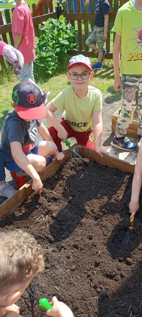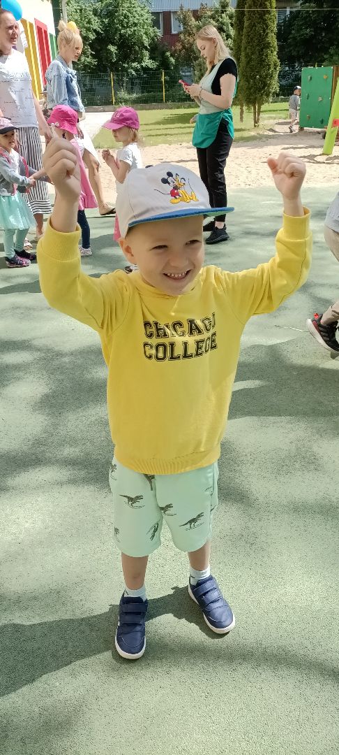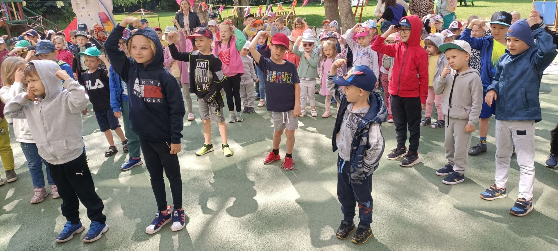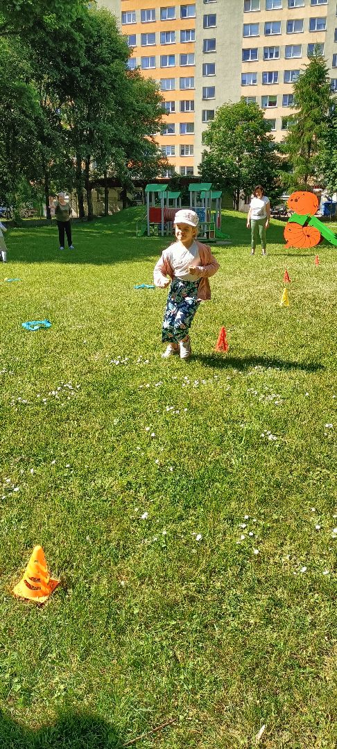 Zabawy animacyjne na placu przedszkolnym prowadzone przez grupę teatralną „ Orzełek”.
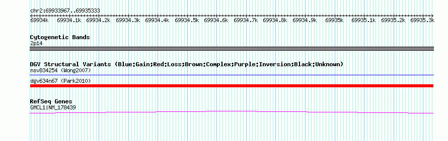 Variant DetailsVariant: dgv634n67 | Internal ID | 22781617 | | Landmark | | | Location Information | | | Cytoband | 2p13.3 | | Allele length | | Assembly | Allele length | | hg38 | 1367 | | hg19 | 1367 | | hg18 | 1367 |
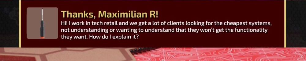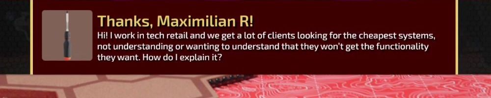 Thanks, Maximilian R! Hi! I work in tech retail and we get a lot of clients looking for the cheapest systems, not understanding or wanting to understand that they won't get the functionality they want. How do I explain it?
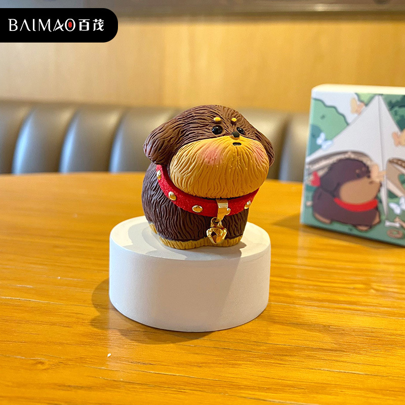 Baimao 오리지널 플러시 귀여운 개 수지 작은 장식품 여성용 크리 에이 티브 절묘한 개 감압 홈 데스크탑 장식
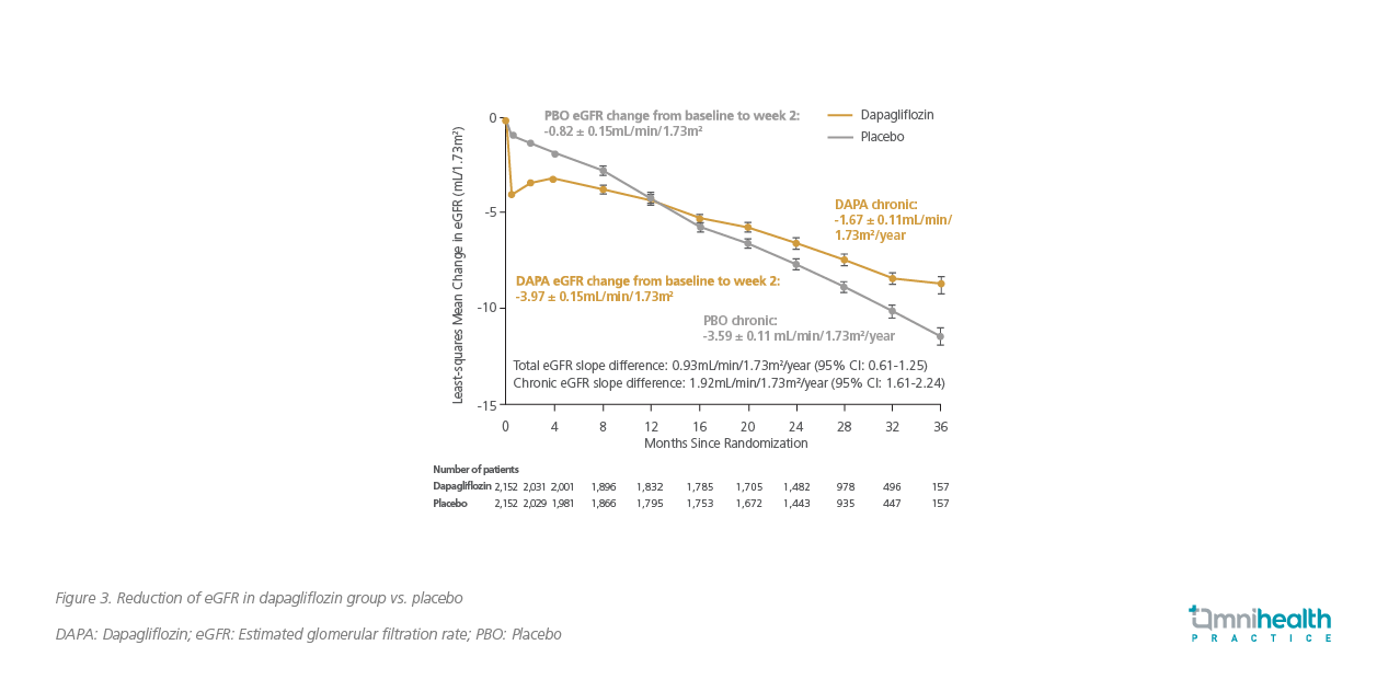 On the other hand, dapagliflozin also demonstrated a significantly slower decline in eGFR than the placebo group with a between-group difference of 1.92mL/min/1.73m2/year (Figure 3), verifying the prominent kidney-preserving effect of this SGLT2 inhibitor.8
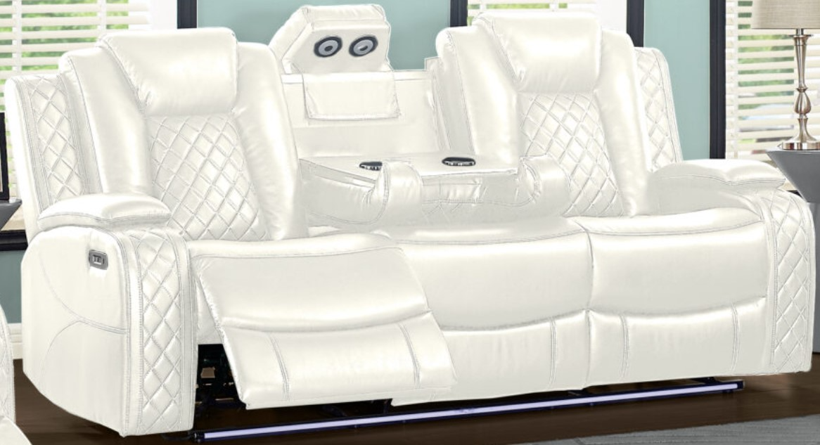 Made from a combination of 80% polyester and 20% faux leather, the Orion Motion Collection is upholstered in either black or white, giving you a choice to match your decor. The collection features storage arms, a drop down center sofa back drink tray with a lift up light bar, and a wireless charger, making it convenient and practical for any space.
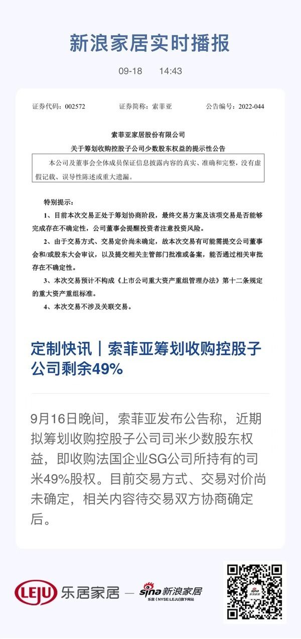 新浪定制频道讯 9月16日晚间,索菲亚发布公告称,近期拟筹划收购控股子公司司米少数股东权益,即收购法国企业SG公司所持有的司米49%股权。目前交易方式、交易对价尚未确定,相关内容待交易双方协商确定后。
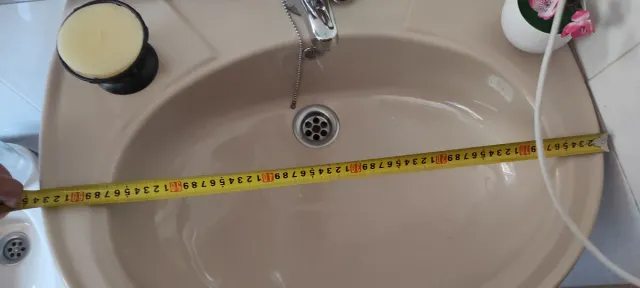 Detalles del productoLavabo de baño en color beige, con su pie a juego.
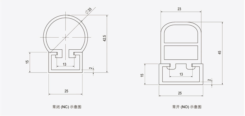 一个完整的安全触边开关包括一个铝轨和安全接触带,安全触边的特殊形状(橡胶侧面)可保护安全接触带不受破坏,并准许安全触边开关受冲击的角度超过90度。FES-L型安全触边开关处在工作状态时,当与人接触或与物体接触时,发出信号让系统停机其弹性材料及吸收冲击力的特性有力的减缓了对人或对物体的碰撞,延长产品使用寿命。
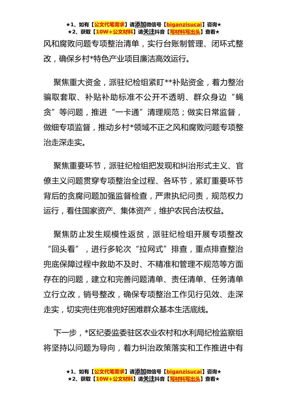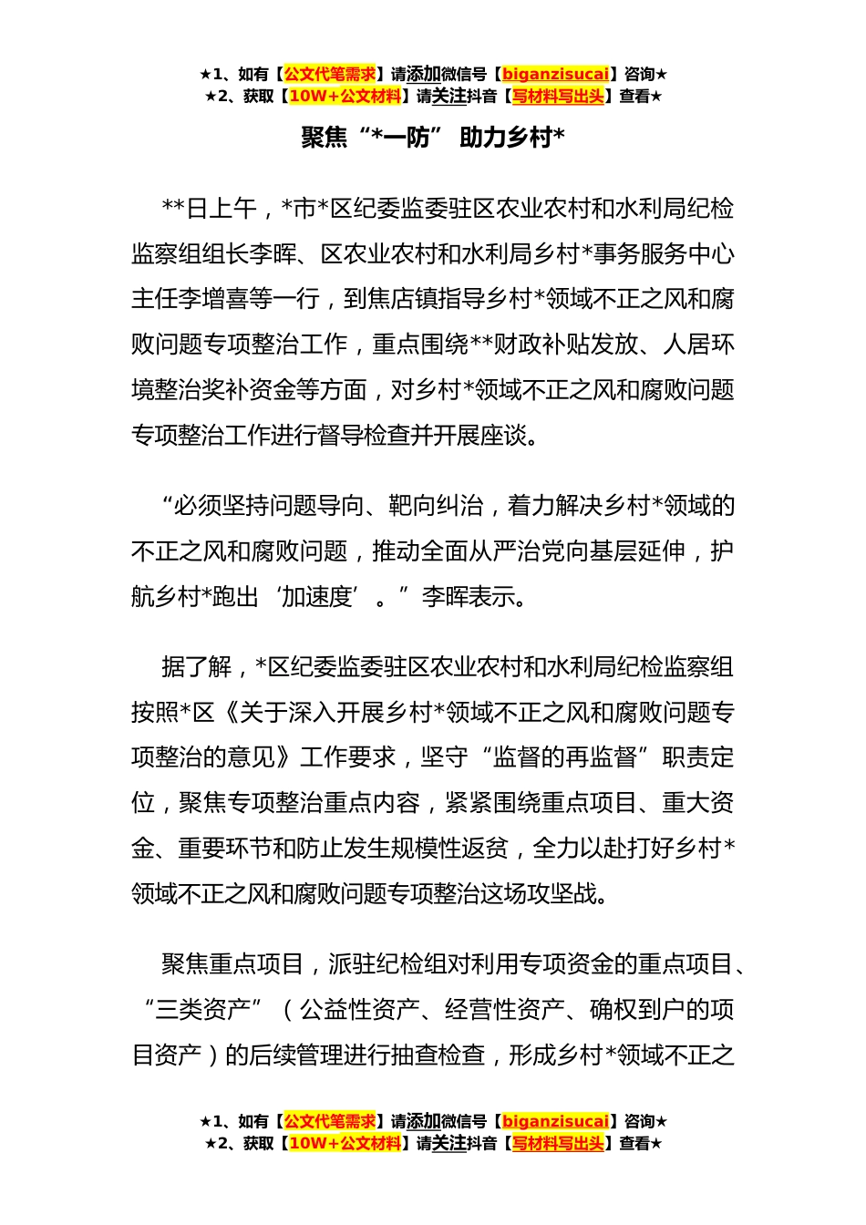 ★1、如有【公文代笔需求】请添加微信号【biganzisucai】咨询★★2、获取【10W+公文材料】请关注抖音【写材料写出头】查看★聚焦“*一防”助力乡村***日上午,*市*区纪委监委驻区农业农村和水利局纪检监察组组长李晖、区农业农村和水利局乡村*事务服务中心主任李增喜等一行,到焦店镇指导乡村*领域不正之风和腐败问题专项整治工作,重点围绕**财政补贴发放、人居环境整治奖补资金等方面,对乡村*领域不正之风和腐败问题专项整治工作进行督导检查并开展座谈。“必须坚持问题导向、靶向纠治,着力解决乡村*领域的不正之风和腐败问题,推动全面从严治党向基层延伸,护航乡村*跑出‘加速度’。”李晖表示。据了解,*区纪委监委驻区农业农村和水利局纪检监察组按照*区《关于深入开展乡村*领域不正之风和腐败问题专项整...
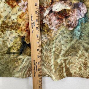 Chico's size XL/3 Green Brown Floral Split Neck Mesh Stretch Artsy Boho Blouse

■ TASK TO CARRY OUT:
The answer must restate every entry word for word, with the pictures left out.

■ EXPECTED ANSWER:
 Zabawy animacyjne na placu przedszkolnym prowadzone przez grupę teatralną „ Orzełek”.
 Variant DetailsVariant: dgv634n67 | Internal ID | 22781617 | | Landmark | | | Location Information | | | Cytoband | 2p13.3 | | Allele length | | Assembly | Allele length | | hg38 | 1367 | | hg19 | 1367 | | hg18 | 1367 |
 Thanks, Maximilian R! Hi! I work in tech retail and we get a lot of clients looking for the cheapest systems, not understanding or wanting to understand that they won't get the functionality they want. How do I explain it?
 Baimao 오리지널 플러시 귀여운 개 수지 작은 장식품 여성용 크리 에이 티브 절묘한 개 감압 홈 데스크탑 장식
 On the other hand, dapagliflozin also demonstrated a significantly slower decline in eGFR than the placebo group with a between-group difference of 1.92mL/min/1.73m2/year (Figure 3), verifying the prominent kidney-preserving effect of this SGLT2 inhibitor.8
 Made from a combination of 80% polyester and 20% faux leather, the Orion Motion Collection is upholstered in either black or white, giving you a choice to match your decor. The collection features storage arms, a drop down center sofa back drink tray with a lift up light bar, and a wireless charger, making it convenient and practical for any space.
 新浪定制频道讯 9月16日晚间,索菲亚发布公告称,近期拟筹划收购控股子公司司米少数股东权益,即收购法国企业SG公司所持有的司米49%股权。目前交易方式、交易对价尚未确定,相关内容待交易双方协商确定后。
 Detalles del productoLavabo de baño en color beige, con su pie a juego.
 一个完整的安全触边开关包括一个铝轨和安全接触带,安全触边的特殊形状(橡胶侧面)可保护安全接触带不受破坏,并准许安全触边开关受冲击的角度超过90度。FES-L型安全触边开关处在工作状态时,当与人接触或与物体接触时,发出信号让系统停机其弹性材料及吸收冲击力的特性有力的减缓了对人或对物体的碰撞,延长产品使用寿命。
 ★1、如有【公文代笔需求】请添加微信号【biganzisucai】咨询★★2、获取【10W+公文材料】请关注抖音【写材料写出头】查看★聚焦“*一防”助力乡村***日上午,*市*区纪委监委驻区农业农村和水利局纪检监察组组长李晖、区农业农村和水利局乡村*事务服务中心主任李增喜等一行,到焦店镇指导乡村*领域不正之风和腐败问题专项整治工作,重点围绕**财政补贴发放、人居环境整治奖补资金等方面,对乡村*领域不正之风和腐败问题专项整治工作进行督导检查并开展座谈。“必须坚持问题导向、靶向纠治,着力解决乡村*领域的不正之风和腐败问题,推动全面从严治党向基层延伸,护航乡村*跑出‘加速度’。”李晖表示。据了解,*区纪委监委驻区农业农村和水利局纪检监察组按照*区《关于深入开展乡村*领域不正之风和腐败问题专项整...
 Chico's size XL/3 Green Brown Floral Split Neck Mesh Stretch Artsy Boho Blouse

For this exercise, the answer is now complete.